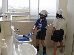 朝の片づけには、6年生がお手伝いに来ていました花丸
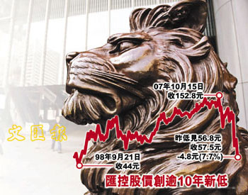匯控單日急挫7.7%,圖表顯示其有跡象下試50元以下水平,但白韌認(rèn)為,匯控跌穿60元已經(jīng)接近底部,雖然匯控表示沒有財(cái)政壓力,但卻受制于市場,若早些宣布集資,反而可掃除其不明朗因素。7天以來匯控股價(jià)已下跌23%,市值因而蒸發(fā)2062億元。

******************************

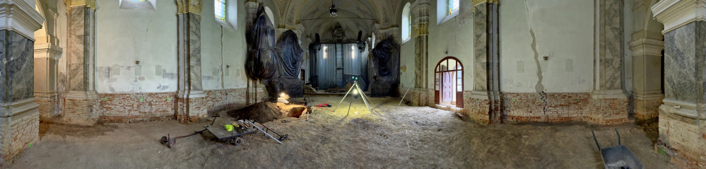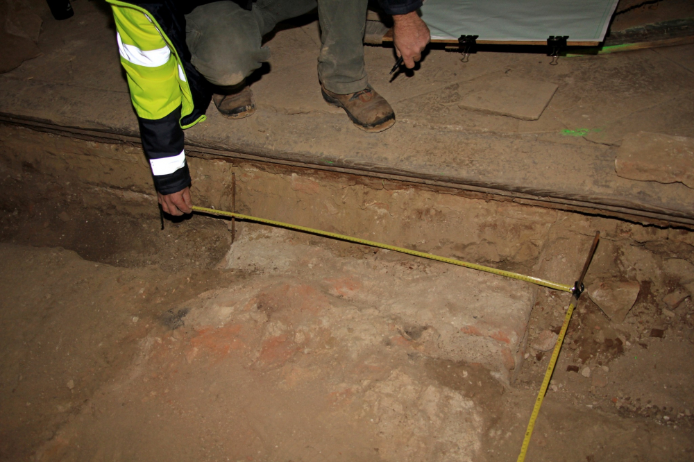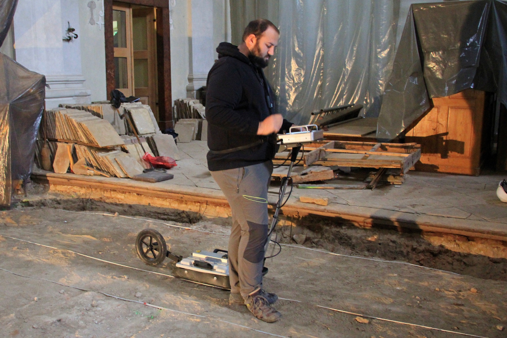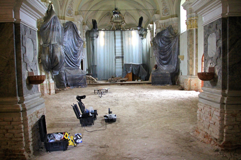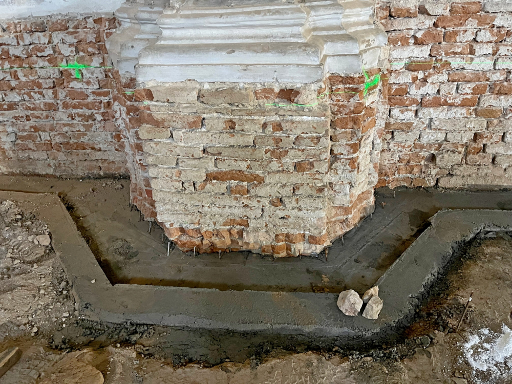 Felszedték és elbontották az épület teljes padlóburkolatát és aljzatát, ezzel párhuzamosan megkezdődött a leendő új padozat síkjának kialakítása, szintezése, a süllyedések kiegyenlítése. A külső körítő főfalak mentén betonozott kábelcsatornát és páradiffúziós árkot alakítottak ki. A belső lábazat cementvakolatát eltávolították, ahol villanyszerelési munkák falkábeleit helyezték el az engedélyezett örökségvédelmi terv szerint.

******************************

EXERCISE GOAL: From the listing above, repeat only the lines between the line containing "朝の片づけには、6年生がお手伝いに来ていました花丸" and the line containing "匯控單日急挫7.7%,圖表顯", those two included. Pictures are not part of the copy.

RESPONSE TO THIS TASK:
 朝の片づけには、6年生がお手伝いに来ていました花丸
匯控單日急挫7.7%,圖表顯示其有跡象下試50元以下水平,但白韌認(rèn)為,匯控跌穿60元已經(jīng)接近底部,雖然匯控表示沒有財(cái)政壓力,但卻受制于市場,若早些宣布集資,反而可掃除其不明朗因素。7天以來匯控股價(jià)已下跌23%,市值因而蒸發(fā)2062億元。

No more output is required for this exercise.